Methodology choices

July 2021

As outlined in the main rise/set page, one's image-taking approach needs to be different for each type of Moon rise/set. And it will change as the HDR technology advances. Other game-changers are: a second camera; video. The following mostly assumes one camera. With two cameras, you can choose to do 3D-stereo pair or split sky-foreground between the two.

"Day to Night" or "Night to Day"

These are real challenges for a time lapse because the Moon stays the same brightness (except in the lowest 2 degrees) while the background changes dramatically. I almost exclusively shoot 6-bracket exposure bursts with an intervalometer today, but for completeness here is the range of approaches:

  1. go for single composites, allowing re-positioning, changing zoom

  2. time lapse with single proper Moon exposure and using blended before/after foregrounds

  3. multiple cameras. Allows more flexibility, but requires more work in post-processing to align the images. Stereophotomaker lets you generate 3D stereo pairs rather easily.

  4. HDR blending a quintuplet of images. In winter I go for a sextuplet because the Moon is brighter higher up. So far EnfuseGUI does a nice job on individual frames. Note that the "Sat" parameter needs to be set to zero else it produces weird shading artifacts in the sky. If you find the Moon is still a little bleached, I batch create an ever shorter exposure, then enfuse the septuplet.

Clear Night

  1. Basic composite is straightforward. Take foreground images before the Moon enters and after it leaves the frame. If you can, try and get some "dark steel blue" in the background sky to avoid it being plain black. In some cases this means arriving 30-60 minutes early or staying late to catch the twilight or even horizon reflection on the buildings.
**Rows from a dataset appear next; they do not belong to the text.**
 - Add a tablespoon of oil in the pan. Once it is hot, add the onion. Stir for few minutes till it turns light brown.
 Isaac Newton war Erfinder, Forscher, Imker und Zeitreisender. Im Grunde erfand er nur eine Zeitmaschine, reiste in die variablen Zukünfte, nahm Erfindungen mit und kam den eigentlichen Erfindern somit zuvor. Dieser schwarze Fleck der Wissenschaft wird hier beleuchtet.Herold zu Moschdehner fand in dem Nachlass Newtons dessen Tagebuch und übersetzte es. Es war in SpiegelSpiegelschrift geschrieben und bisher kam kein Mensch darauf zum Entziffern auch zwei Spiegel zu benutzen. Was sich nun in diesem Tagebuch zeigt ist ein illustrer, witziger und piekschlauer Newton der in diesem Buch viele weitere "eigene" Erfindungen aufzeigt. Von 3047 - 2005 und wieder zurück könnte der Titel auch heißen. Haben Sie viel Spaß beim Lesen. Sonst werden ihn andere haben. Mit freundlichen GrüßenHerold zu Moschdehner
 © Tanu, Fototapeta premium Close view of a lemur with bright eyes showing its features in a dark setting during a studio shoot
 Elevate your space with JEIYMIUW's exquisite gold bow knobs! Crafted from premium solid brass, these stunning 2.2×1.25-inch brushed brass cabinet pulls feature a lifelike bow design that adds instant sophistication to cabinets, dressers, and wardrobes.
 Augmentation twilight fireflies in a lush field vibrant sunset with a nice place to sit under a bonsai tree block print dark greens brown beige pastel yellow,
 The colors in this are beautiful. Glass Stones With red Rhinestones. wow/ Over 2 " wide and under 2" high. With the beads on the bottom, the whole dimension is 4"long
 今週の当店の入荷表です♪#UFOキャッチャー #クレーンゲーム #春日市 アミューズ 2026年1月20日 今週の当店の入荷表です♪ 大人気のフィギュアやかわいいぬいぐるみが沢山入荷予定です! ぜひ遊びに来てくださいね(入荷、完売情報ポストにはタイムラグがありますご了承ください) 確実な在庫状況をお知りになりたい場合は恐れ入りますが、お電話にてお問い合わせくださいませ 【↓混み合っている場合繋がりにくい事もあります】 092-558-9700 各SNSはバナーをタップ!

  2. Consider dynamic foreground issues

Partly Cloudy Night

This is a Goldilocks situation of just enough clouds providing "atmosphere" to the picture or time lapse but not too much to actually obscure the Moon. Some form of HDR is a must to capture the clouds and prevent the Moon from being blown out. EnfuseGUI does a good job on a bracketed set, but requires both an underexposed Moon and and overexposed foreground .

Crescent

This is pretty straightforward since one is going for earthshine and not worrying about the overexposed crescent. Generally a single exposure is fine to capture both earthshine and the city foreground. Thereafter, simple care to gradually ramp the exposure to keep the foreground nicely exposed. Earthshine of course depends on how cloudy it is on the sunlit portion of the Earth, but its visibility is crucially dependent on contrast against the sky. If the sky is bright and the Moon is low (very young/old crescents), the earthshine is invisible - it's tough to get earthshine when less than 24hrs from New Moon. Extinction in the lowest 2-3 degrees can hide it too. Too high a Moon makes the foreground small. The key parameter is height above the horizon for a particular solar depression: You want the Moon in the deep blue part of the sky with yellow-orange below. Simple elongation from the Sun can be misleading as an indicator.

Other considerations:

  • shifting focus due to changing temperatures. I deliberately put a focus point on a building so I can do a quick autofocus between exposures without stopping the sequence or moving the camera.

  • distance and haze: more distance means bigger buildings/foreground relative to the Moon, but it also means more haze, which adds a lot of light scatter for night shots; less distance of course means a smaller Moon relative to buildings or fewer buildings, but it typically means the Moon disappears at a higher altitude.

  • time-lapse locks you in; no freedom in changing position or zoom (without a second camera/lens)

  • Is there motion in the foreground? The eye is forgiving to car movements, but in winter plumes tend to jump around even at 6 second intervals and can be quite distracting. Consider long exposure "frame-dragging" to blur (e.g. 0.8s exposure every second) - this might necessitate a second camera to capture the Moon in shorter bursts and more post-processing. It begs the question of moving into HDR video then compressed later. Would still need to think about whether to blur or skip sub-frames. Oooof.

  • A constant foreground and a blank dark sky produce a slightly surreal (uncomfortable) result, almost cartoon-like

  • Have two foreground shots, one before, one after, shoot only for the Moon, then afterward composite the Moon onto a foreground that is a blend of the two: 100% of the light on the first foreground sliding to 0 for the last, while the second foreground slides up from 0 to 100%. Of course, there is no movement in the foreground, just changing lighting conditions.